● **Activity**
Starting at the line that contains "Heart with Pointed", quote every line through the end of the entries, word for word, skipping the pictures.

──────────────────────────────

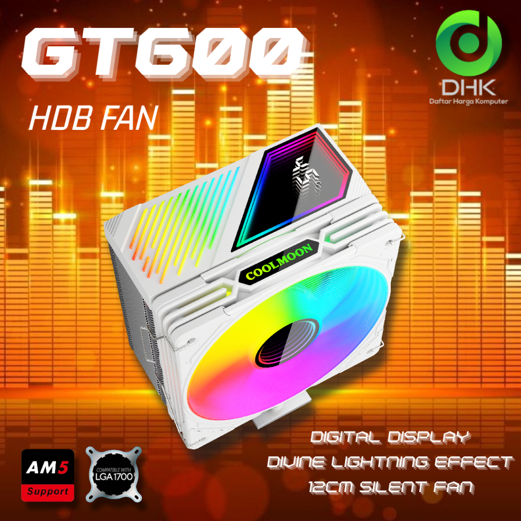 COOLMOON CPU COOLER GT600 ARGB DIGITAL TEMPERATUR DISPLAY FAN PROSESOR
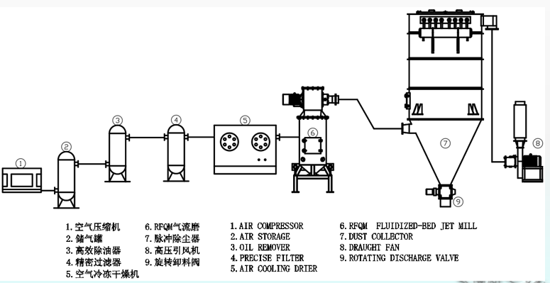 氣流磨生產(chǎn)工藝流程圖
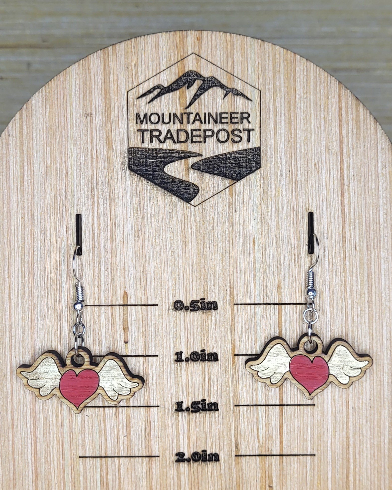 Heart with Pointed Wings Dangle Earrings – Hand-Painted Wooden Jewelry
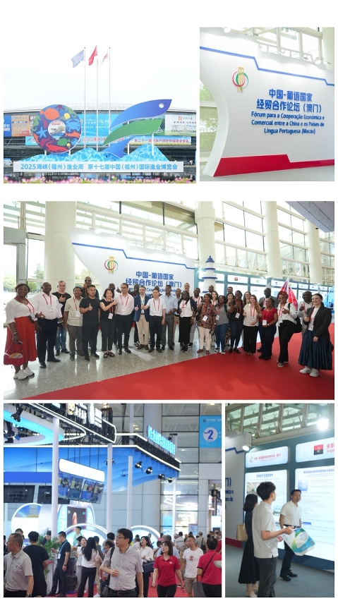 2025年6月13日至15日,中葡论坛常设秘书处代表团赴福州参加第十七届中国(福州)国际渔业博览会(以下简称“渔博会”)系列活动。代表团包括秘书处成员、驻华使馆代表、澳门中联办经济部代表以及中国与葡语国家蓝色经济合作研修班学员。
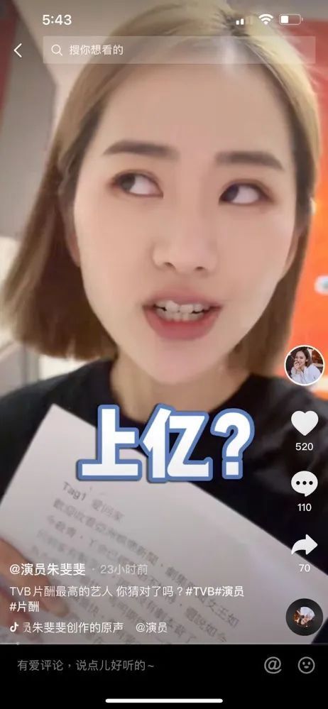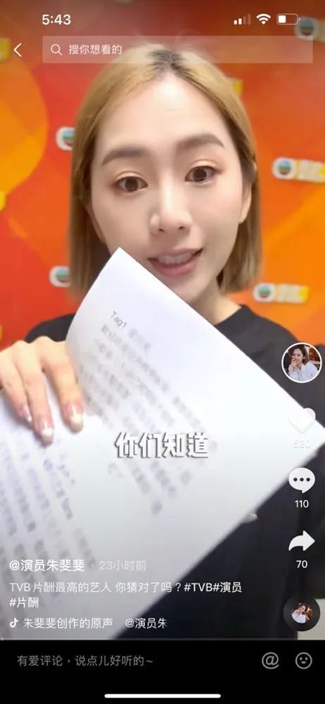 近年来,影视行业不景气,许多小咖艺人都开始转行做自媒体,自曝行业内幕。现年31岁TVB艺训班出身的朱斐斐,不知不觉入行已有11年,参演过的剧集不下80部,去年她开始担任TVB娱乐新闻台主播,但事业发展平平,今年开始她便不时在网上大爆圈中秘事。最近,她就在短视频平台叫网友猜TVB片酬最高的艺人。

──────────────────────────────

● **Solution for this problem**
 Heart with Pointed Wings Dangle Earrings – Hand-Painted Wooden Jewelry
 2025年6月13日至15日,中葡论坛常设秘书处代表团赴福州参加第十七届中国(福州)国际渔业博览会(以下简称“渔博会”)系列活动。代表团包括秘书处成员、驻华使馆代表、澳门中联办经济部代表以及中国与葡语国家蓝色经济合作研修班学员。
 近年来,影视行业不景气,许多小咖艺人都开始转行做自媒体,自曝行业内幕。现年31岁TVB艺训班出身的朱斐斐,不知不觉入行已有11年,参演过的剧集不下80部,去年她开始担任TVB娱乐新闻台主播,但事业发展平平,今年开始她便不时在网上大爆圈中秘事。最近,她就在短视频平台叫网友猜TVB片酬最高的艺人。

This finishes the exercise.